Подняты каменные якоря, скрипят тяжелые весла, и 20 июня 1648 года все шесть деревянных китов медленно идут вниз по Колыме до моря. Там они, качаясь, зарываясь в океанские волны, поднимаясь на синие хребты океана, начинают свой путь к Аниану...
ОСТРОВА «ЗУБАТЫХ ЛЮДЕЙ»
Вдоль морского берега шли кочи. За Чаунской губой начинались не ведомые никому места, даже если в отряде Дежнева был «вож», ранее плававший с Исаем Игнатьевым.
Три коча бесследно исчезли в первом пути. Где стряслась эта беда – неизвестно. Никаких подробностей похода до Большого Каменного Носа не сохранилось.
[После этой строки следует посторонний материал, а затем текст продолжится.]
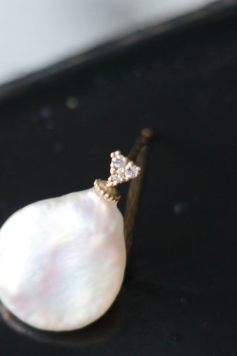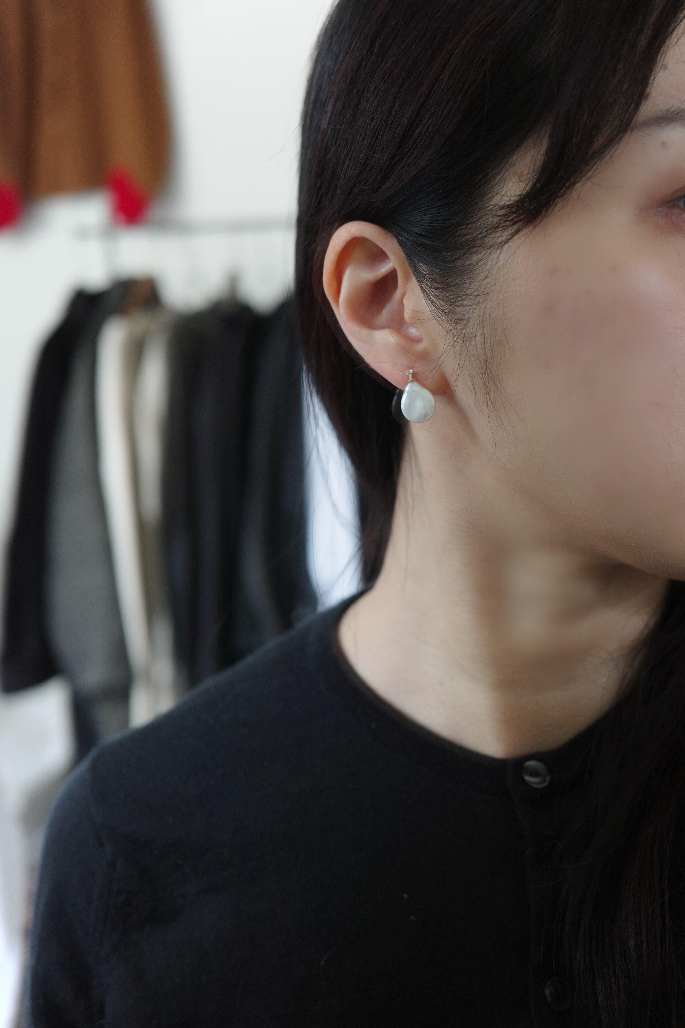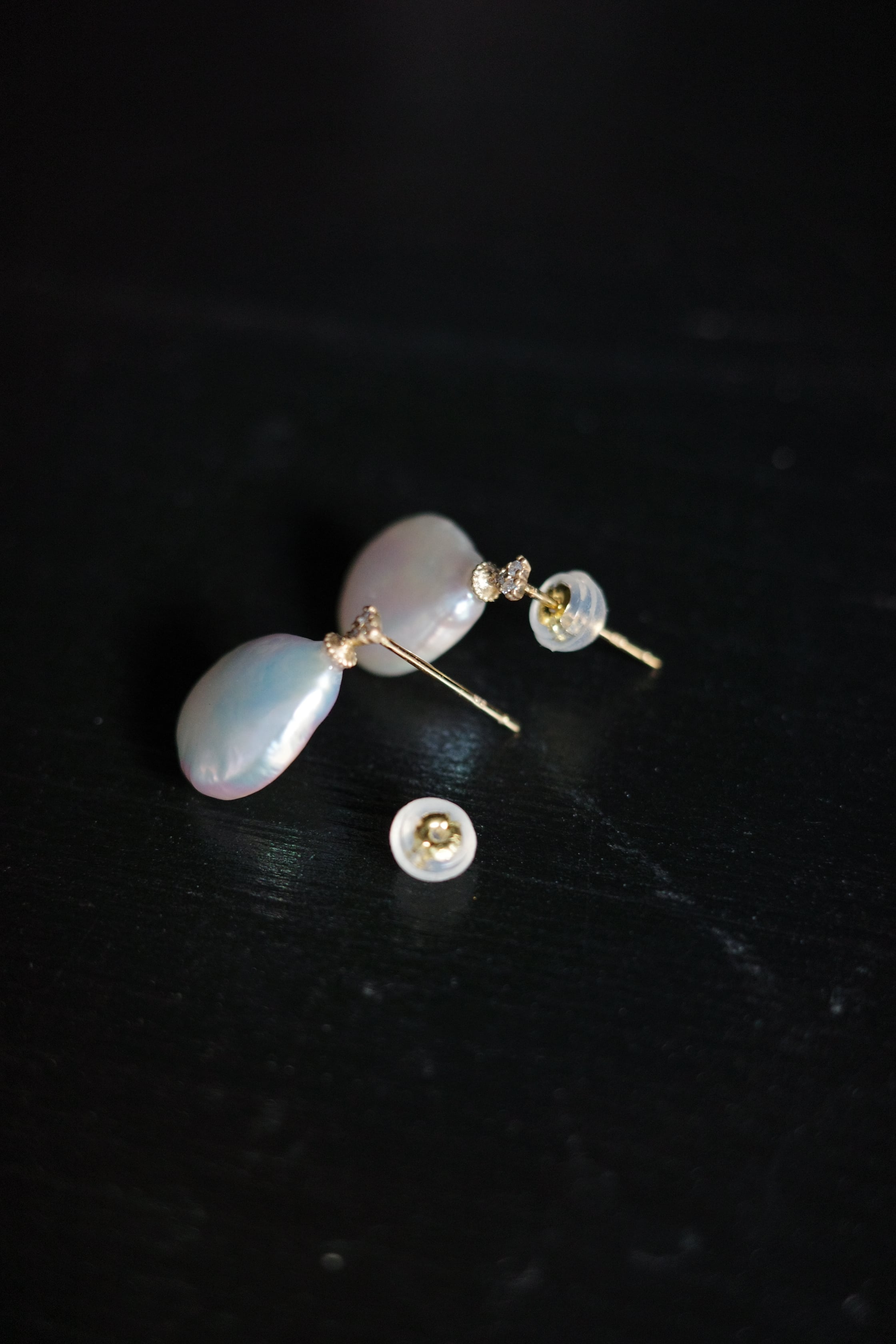 アメリカのテネシー河で育った輝りが美しいナチュラルパール。自然の色、その瑞々しい輝きは他にない上質な空気感を持っています。一般的なパールはコロンとしたものがイメージですが、こちらは平たくて耳元にぺたんと吸い付くような形。そしてパールの上部には小さなダイヤモンド。角度によってとても美しく輝きます。
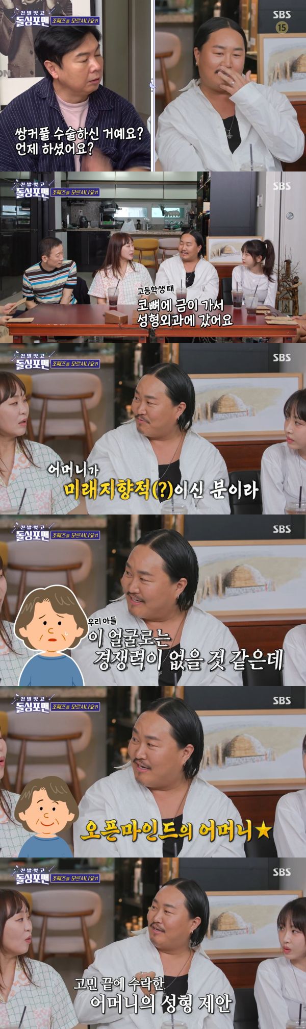 사진=SBS 가수 조째즈가 성형을 하게 된 이유를 밝혔다. 8일 방송된 SBS '신발 벗고 돌싱포맨'에는 정석용, 강예원, 정주리, 조째즈가 출연했다. 이날 조째즈는 성형 사실을 고백해 모두를 놀라게 했다. 그는 쌍꺼풀, 코, 이를 성형했다고 밝혔다. 조째즈는 "고등학교 때 축구를 하다가 코뼈에 금이 가서 성형외과에 갔다"며 "어머니와 같이 갔는데 어머니가
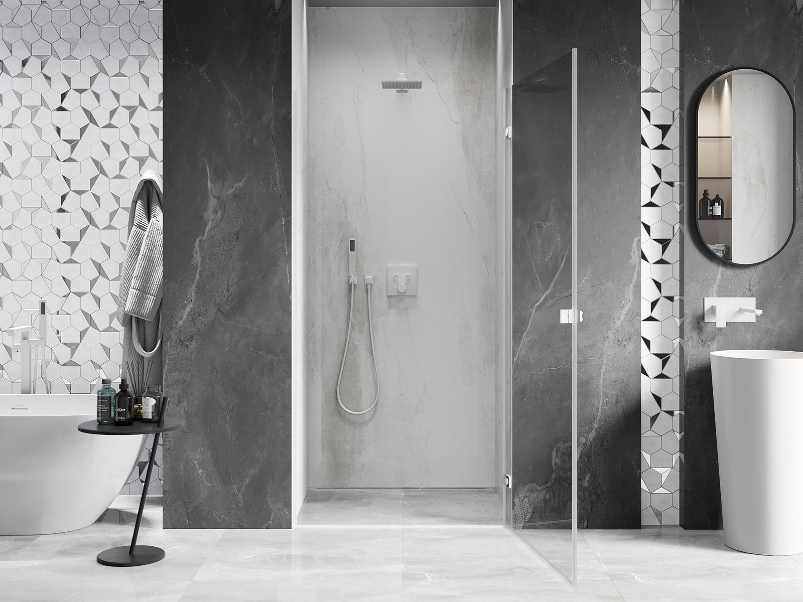 Otevírací dveře umožňují maximální svobodu při používání. Mají pevné panty vyrobené z odolného materiálu, které se snadno čistí a umožňují snadný přístup do interiéru kabiny.
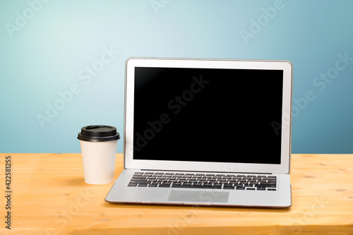 Mockup blank laptop screen with coffee on wooden table in coworking space.

Мы можем только догадываться о том, как плыли сосновые киты на восток мимо высоких мысов, через пролив, к северу от которого лежит морская земля. В ясную, солнечную погоду с мыса Якан виден остров, который мы зовем теперь островом Врангеля. Дежнев не мог не искать конца каменного морского пояса, который так тревожил воображение колымских мореходов. Прошли и тот мыс, окруженный исполинскими каменными столбами, который потом получил поэтическое название «Сердце-Камень».
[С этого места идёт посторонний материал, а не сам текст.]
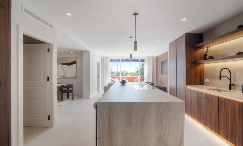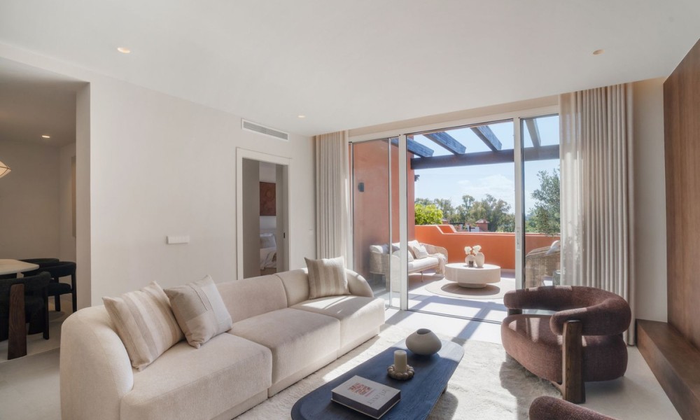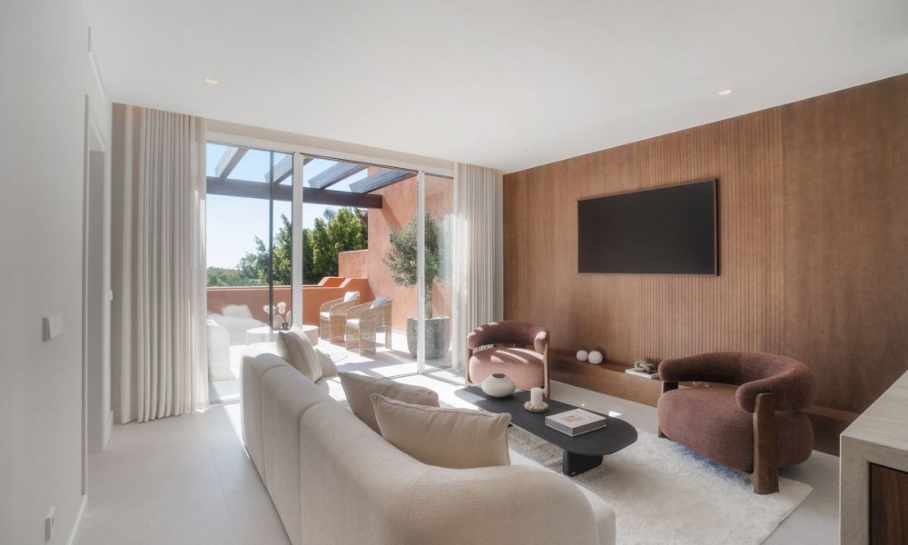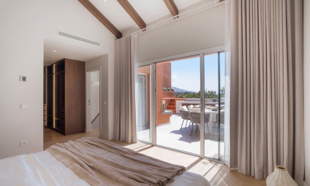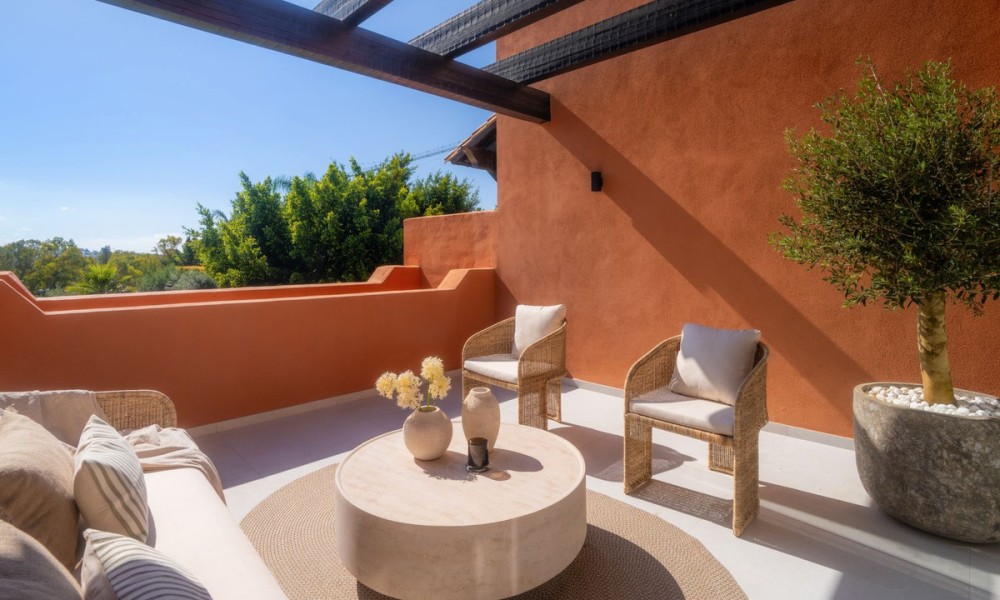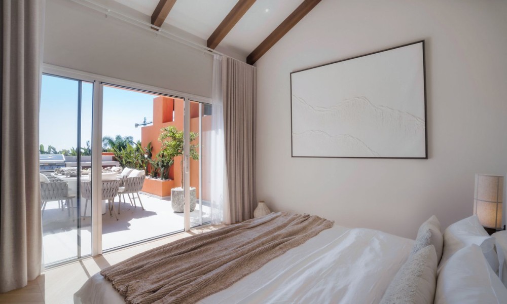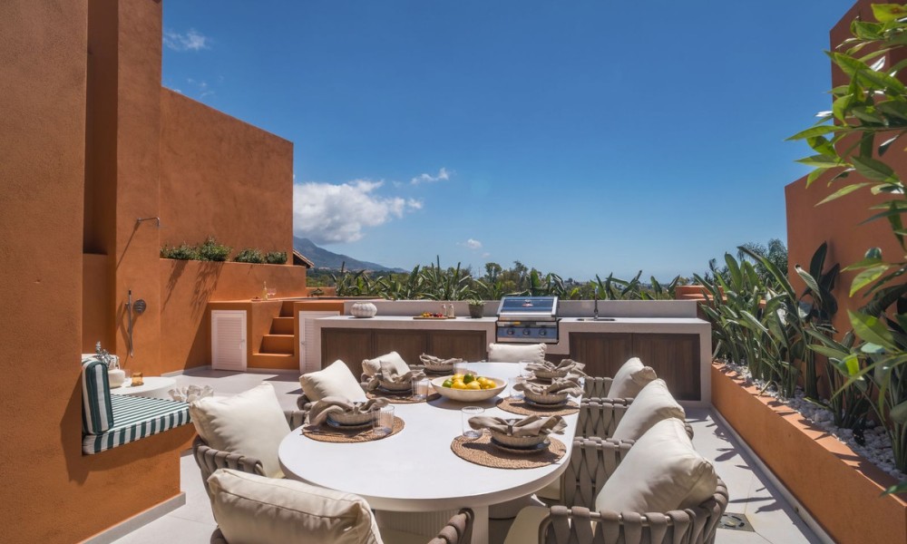 This elegant duplex penthouse in Nueva Andalucía has been fully renovated to the highest standards. With a modern design that emphasises light, space, and functionality, the home blends clean architectural lines with premium finishes and high-quality details such as Miele appliances and custom cabinetry.The first floor opens into a spacious living and dining area, designed as an open-plan space that flows seamlessly onto a large terrace. A contemporary kitchen with top-of-the-line fittings enhances the home’s functionality while maintaining a sleek, stylish look.The upper floor is dedicated to the master suite, which includes a luxurious walk-in closet, a large private bathroom, and direct access to the expansive rooftop terrace. This sanctuary combines privacy with exceptional comfort.In total, the property offers four bedrooms and three bathrooms. The guest bedrooms are generous in size and thoughtfully positioned to provide privacy and comfort for visiting family and friends, making the home equally suited for permanent living or entertaining.The highlight of the penthouse is its rooftop terrace, designed as a true lifestyle destination. It includes a private plunge pool, an outdoor kitchen with barbecue, a large dining area, and a lounge space perfectly positioned to enjoy sunsets over the Mediterranean.Within the gated community, residents have access to a communal swimming pool and beautifully landscaped gardens. In addition, Nueva Andalucía is surrounded by world-class golf courses, health clubs, and wellness centres, offering a lifestyle that rivals any luxury resort.

И наконец мореходы увидели темный и грозный Большой Каменный Нос. Издали должно было казаться, что мыс не имеет конца – так далеко простирался он в море. Его всегда принимали за остров. Угрюмый, окруженный громкими бурунами, он подставлял ветрам свою черную каменную грудь. Тридцатисаженные глубины колыхались у его подножья.
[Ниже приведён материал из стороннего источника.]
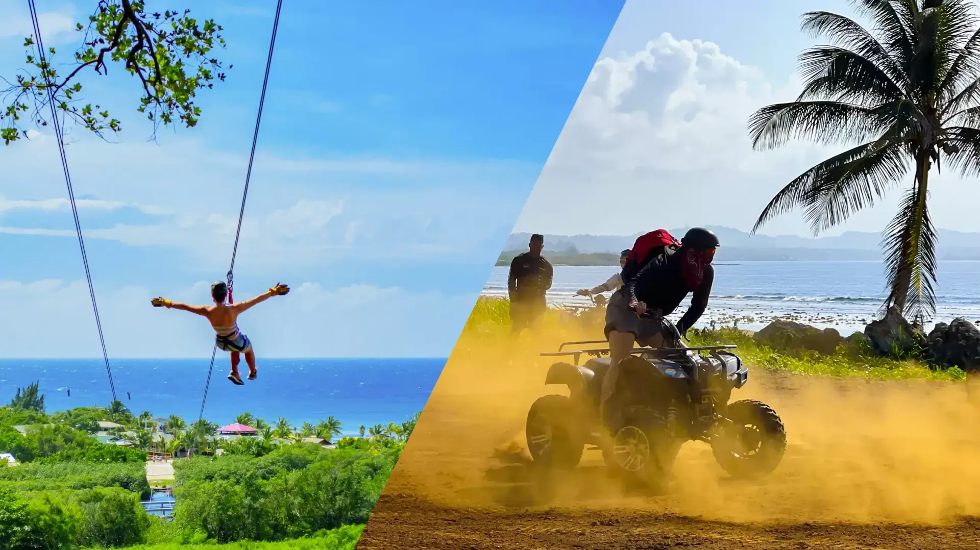 Dive into the ultimate combo thrill of land and air, by conquering epic island trails on an ATV, and soar above Roatan’s tropical foliage on the zip line.
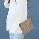 Contrary to expectations, they should not be combined with jeans, it is better to add a dress or cotton pants with such a bag.
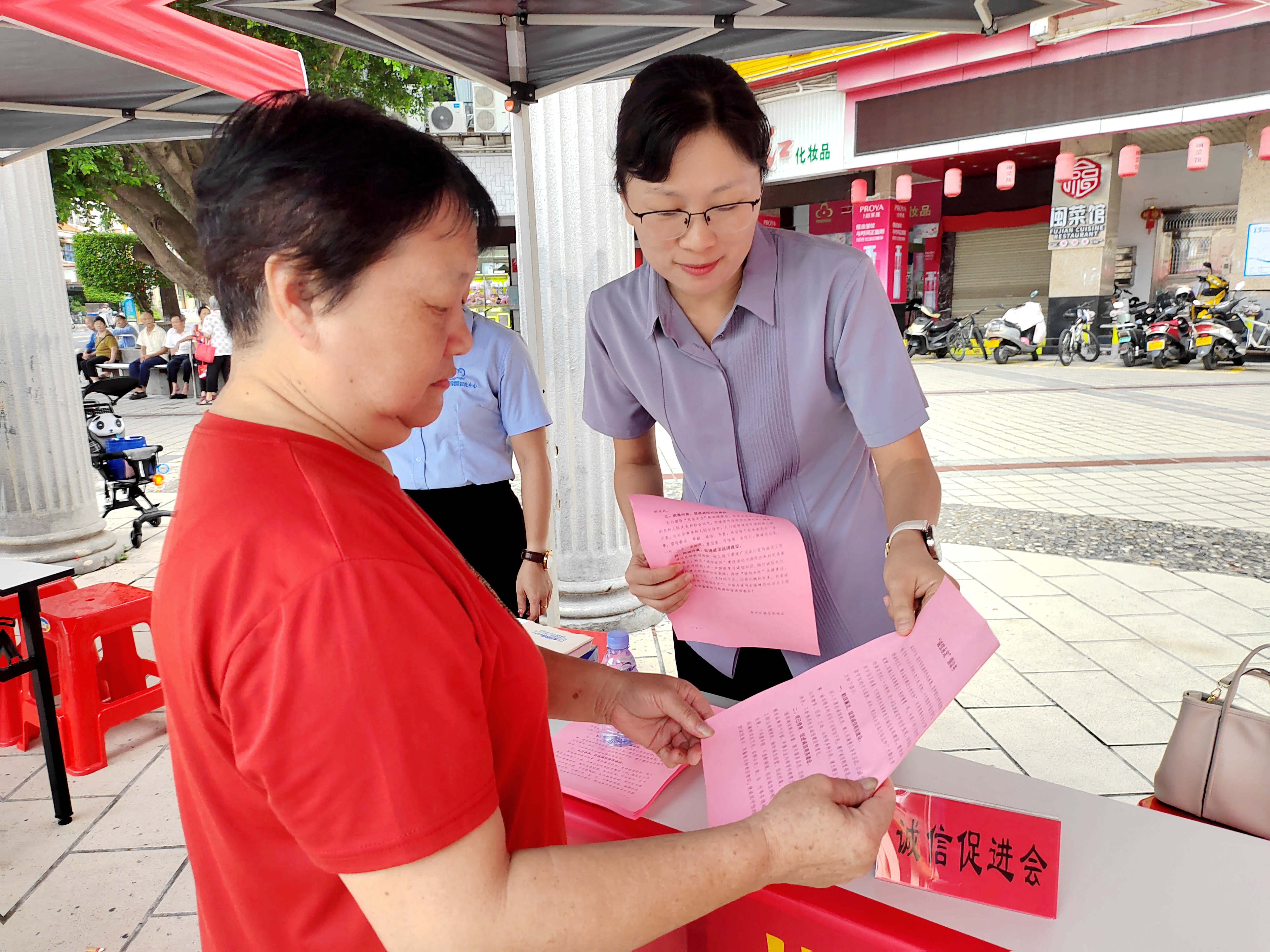 ▲ 9月26日,永定區(qū)誠信促進(jìn)會(huì)以第三屆“全國個(gè)體工商戶服務(wù)月”為契機(jī),在南門商貿(mào)廣場開展“誠信永定”宣傳,與市民零距離、面對面講解誠信的重要性,普及信用知識,提倡“勤政廉潔,促進(jìn)誠信機(jī)關(guān)建設(shè);克己修身,促進(jìn)誠信商務(wù)建設(shè);崇德向善,促進(jìn)誠信社會(huì)建設(shè);抱誠守真,促進(jìn)誠信品牌建設(shè)”,讓誠信理念深入人心,共謀誠信發(fā)展,共創(chuàng)“誠信永定”,努力打造更加公平、公正、誠信、有序的市場環(huán)境和營商環(huán)境。

Здесь разбило коч, на котором плыл Герасим Анкудинов, и Дежнев с Федотом Поповым «имали на свои суды» людей Герасима. Сам Анкудинов перешел в ладью Федота. Кожаные паруса наполнялись ветрами, встречавшимися у двух океанов. Огромные весла кочей погружались в воды Анианского прохода! Сказочный пролив был обретен Дежневым и его товарищами в августе 1648 года. Но они не знали о величии своего подвига и были преданы простым житейским заботам.
Однако у Семена Дежнева нашлось и время, и желание подробно осмотреть Большой Каменный Нос. Все это пригодилось ему для составления будущих «отписок». Он видел «башню» из костей кита, воздвигнутую чукчами у речки близ их становья, – жилище пли приметный знак для чукотских поморян и жителей восточного берега Аниана? Пока люди с разбитого анкудиновского коча сушили оленьи торбаса и мезенские бахилы и отогревались, можно было много увидеть и узнать.
Такое приметное место, как Большой Каменный Нос, граница новой страны, не могло остаться без внимания казаков. Будем утешаться мыслью, что еще предстоят запоздалые, но счастливые открытия в архивах – в «столбцах» Сибирского приказа, в известных «портфелях» Миллера. Может быть, там отыщутся основные донесения Семена Дежнева или подробная переписка Якутского острога о дежневском походе.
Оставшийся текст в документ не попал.